Stable operations for catalytic dry reforming of methane (DRM) are essential for industrial applications. High stability for syngas production can be achieved via a kinetic balance between formation of carbon species and their removal by oxygen species on the metal surface, which clears the surface for further reaction steps. This study reports highly stable performance by a boron-doped cobalt catalyst as a non-noble-metal coking-free catalyst. Although the precise location of doped boron could not be identified experimentally because of its low concentration, density functional theory calculations suggested that interstitial boron (B) is most likely present in the subsurface region of cobalt (Co) surfaces. B-doping was shown both experimentally and computationally to increase the reactivity of Co catalysts toward both methane (CH₄) and carbon dioxide (CO₂). Moreover, B-doping was found to balance the amounts of surface C and O and maintain the reduced state of Co surfaces while in a steady-state. Nevertheless, a negative kinetic order with respect to CO₂ partial pressure indicates that steady-state surface coverage of oxygen species originating from CO₂ dissociation was prevalent on B-doped Co, consistent with the coking-free nature of the catalyst. This study introduces a promising Co–B catalyst design for controlling metal surface reactivity toward DRM and relevant catalytic reactions.
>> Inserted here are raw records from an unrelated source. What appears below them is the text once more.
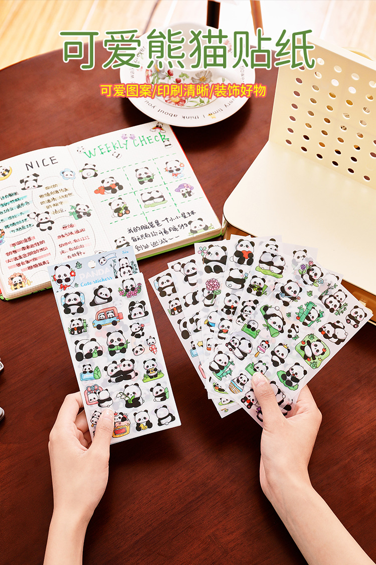 창조적 인 만화 팬더 스티커 어린이 귀여운 소녀 심장 DIY 소재 작은 스티커 손 계정 문구 장식 스티커스토어 가기
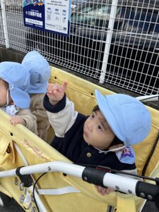 大きな車をみつけて、指さしで教えてくれるお友だちもいました。
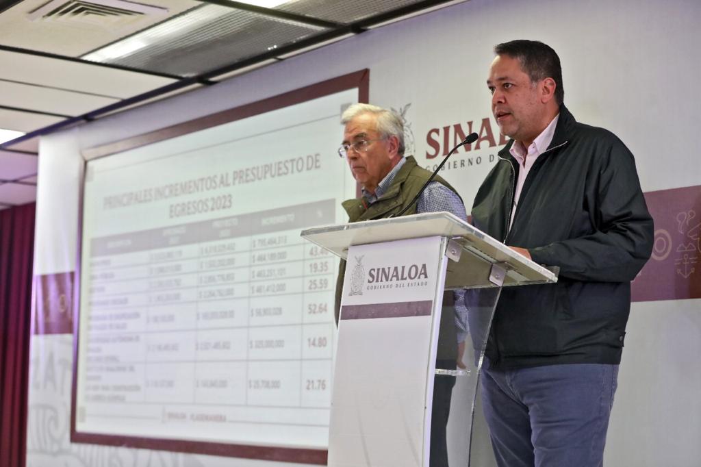 “Este año en el 2023 tuvimos un incremento de un poco más de 6 mil millones de pesos que es el 10.95 por ciento de incremento presupuestal. Los principales incrementos en el Presupuesto de Egresos es una pregunta que me hicieron saliendo del Congreso el viernes, se hizo aquí un resumen de algunos de ellos, no todos, pero los principales: A los municipios traen un incremento de 725 millones de pesos, es el 14.40 por ciento; en obra pública que fue uno de los principales que tuvieron incremento es el 43 por ciento, el año pasado eran 1 mil 68 millones, este año son 1 mil 532 millones; el ISSSTESIN el año pasado tuvo 2 mil 393 millones y este año tiene 2 mil 856 millones, son 463 millones de pesos más, es un 19.35 por ciento”, informó.
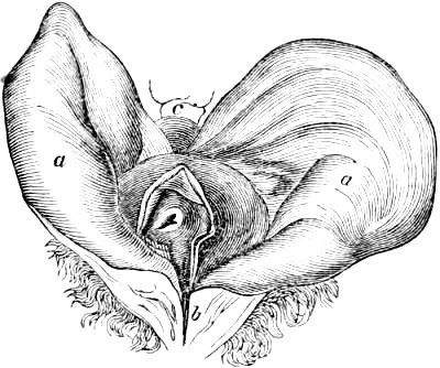 [71] “A ligature upon the navel string is absolutely necessary, otherwise the child will bleed to death; and when tied slovenly, or not properly, it will sometimes bleed to an alarming quantity. As we take such vast care to secure the navel string, you will naturally ask how brutes manage in this particular? I will give you an idea of their method of procedure, by describing what I saw in a little bitch of Dr. Douglas. The pains coming on, the membranes were protruded; in a pain or two more they burst, and the puppy followed. You cannot imagine with what eagerness the mother lapped up the waters, and then, taking hold of the membranes with her teeth, drew out the secundines; these she devoured also, licking the little puppy as dry as she could. As soon as she had done I took it up, and saw the navel string much bruised and lacerated. However, a second labour coming on, I watched more narrowly, and as soon as the little creature was come into the world I cut the navel string, and the arteries immediately spouted out profusely; fearing the poor thing would die, I held it to its mother, who, drawing it several times through her mouth, bruised and lacerated it, after which it bled no more. This, I make no doubt is the practice with other animals.” (Dr. W. Hunter’s Lectures, MS. 1752; from Dr. Merriman’s Synopsis, p. 21. note.)
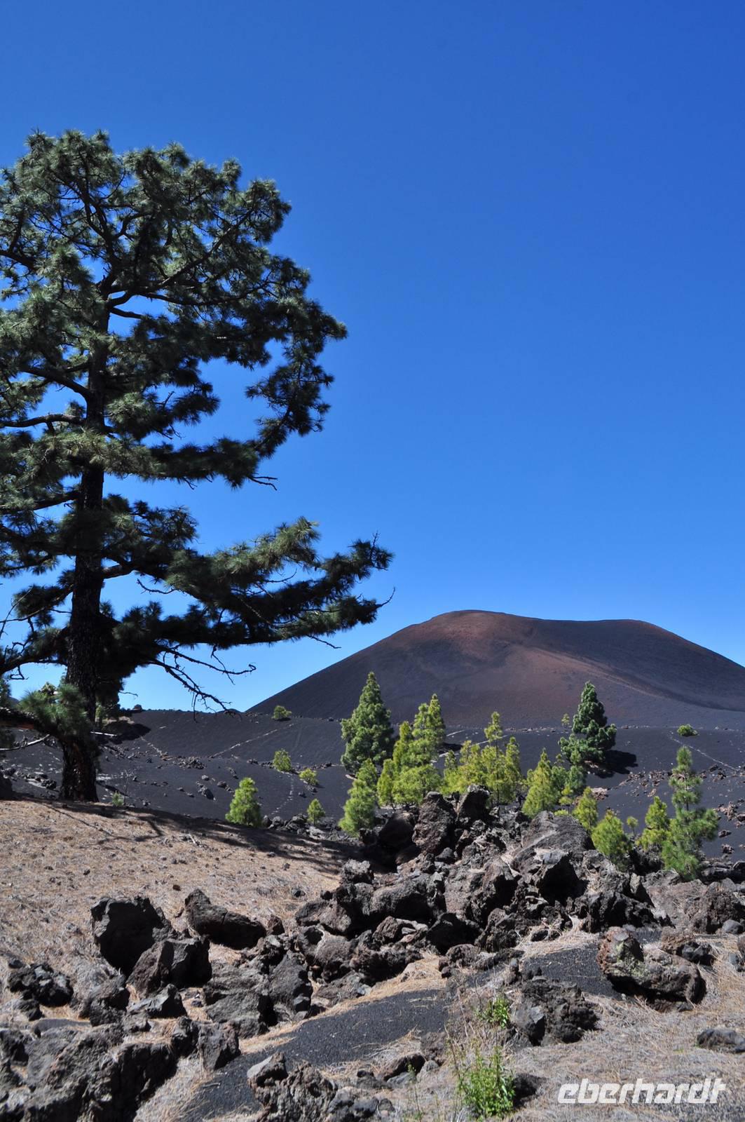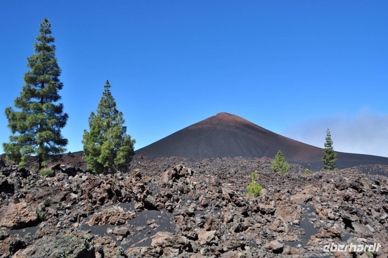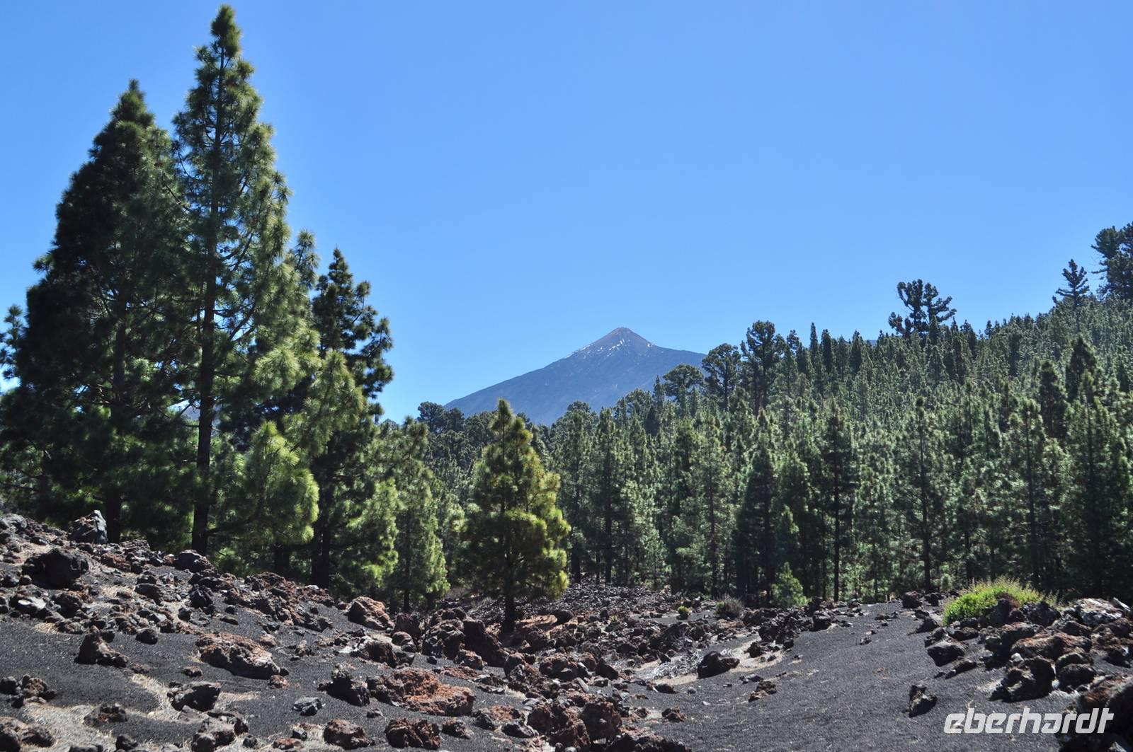 Unsere Wanderung beginnt etwas tiefer und westlicher. Eine Wanderung um den schwarzen Asche- und Schlackekegel des Chinyero. Eine sehr schöne einfache Wanderung durch duftende Pinienwälder mit phantastischen Ausblicken zum Teide und Chinyero Kegel.
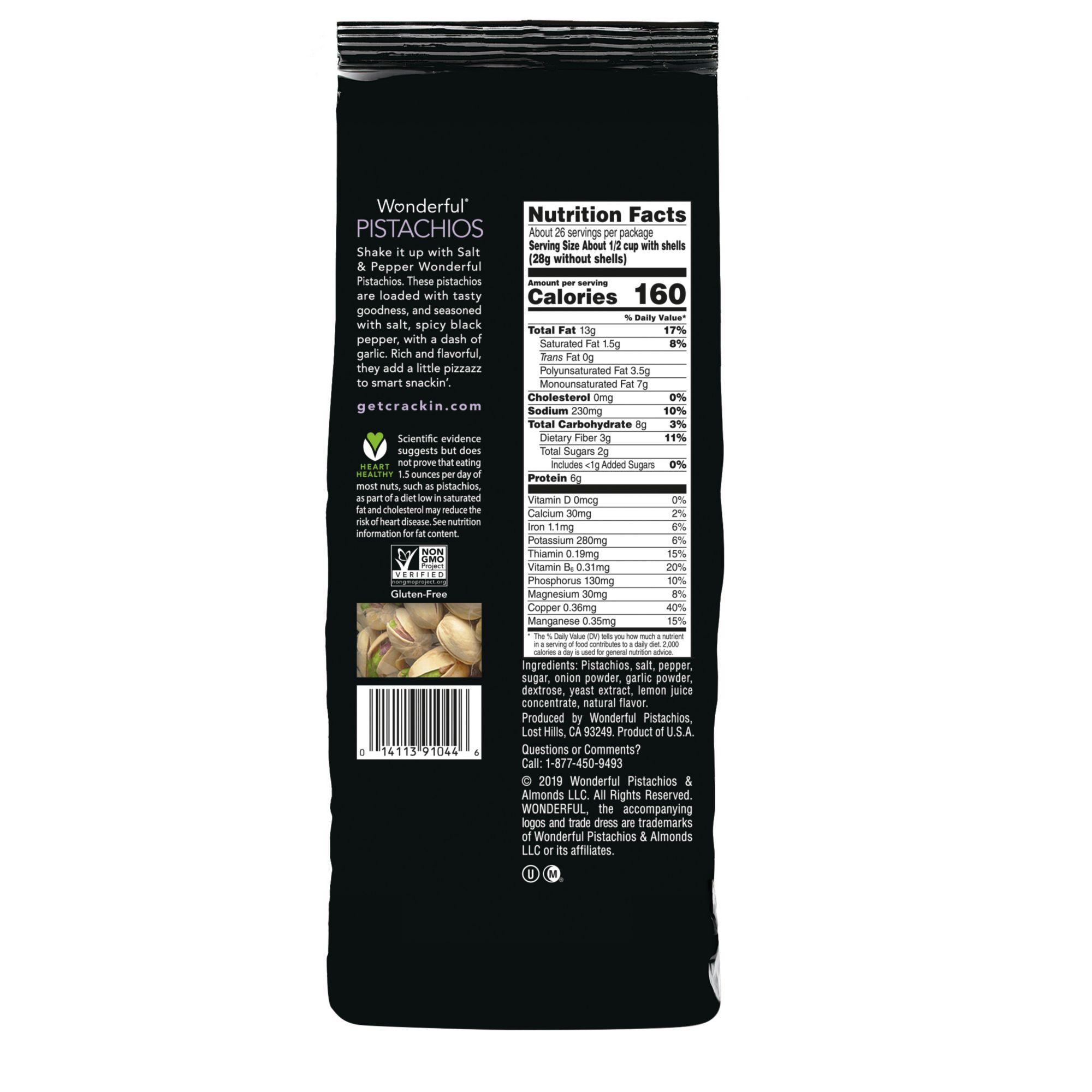One 48 ounce bag of Salt & Pepper In-Shell Wonderful Pistachios. Nutritious and healthy: Wonderful Pistachios is a good source of plant protein, with 6 grams in every serving. Every 1 oz. serving has 12% of your recommended Daily Value and is a complete protein powerhouse! Welcome to Wonderful: Wonderful Pistachios are a smart, healthy choice for folks around the world. Located in California’s fertile San Joaquin Valley, Wonderful Pistachios & Almonds owns, cultivates and harvests more than 75,000 acres of pistachio and almond orchards, and delivers pounds of nuts globally each year. The warm days and cool nights work in harmony with the region’s natural soils to create the perfect growing climate. Wonderful then carefully tends and harvests each pistachio using the latest in sustainable practices.

甲烷催化干重整（DRM）的稳定操作对于工业应用至关重要。合成气生产的高稳定性可以通过碳物质的形成与金属表面上的氧物质的去除之间的动力学平衡来实现，这可以清除表面以用于进一步的反应步骤。这项研究报告称，掺硼钴催化剂作为一种非贵金属无焦化催化剂具有非常稳定的性能。尽管由于浓度低而无法通过实验确定掺杂硼的精确位置，但密度泛函理论计算表明，间隙钴（B）最有可能存在于钴（Co）表面的地下区域。实验和计算表明B掺杂可提高Co催化剂对甲烷（CH）的反应性₄）和二氧化碳（CO ₂）。而且，发现B掺杂使表面C和O的量平衡，并且在稳态时保持Co表面的还原态。然而，相对于CO ₂分压的负动力学次序表明，源自CO ₂离解的氧物种的稳态表面覆盖在B掺杂的Co上普遍存在，这与催化剂的无焦化性质一致。这项研究介绍了一种有前景的Co-B催化剂设计，用于控制金属对DRM和相关催化反应的反应性。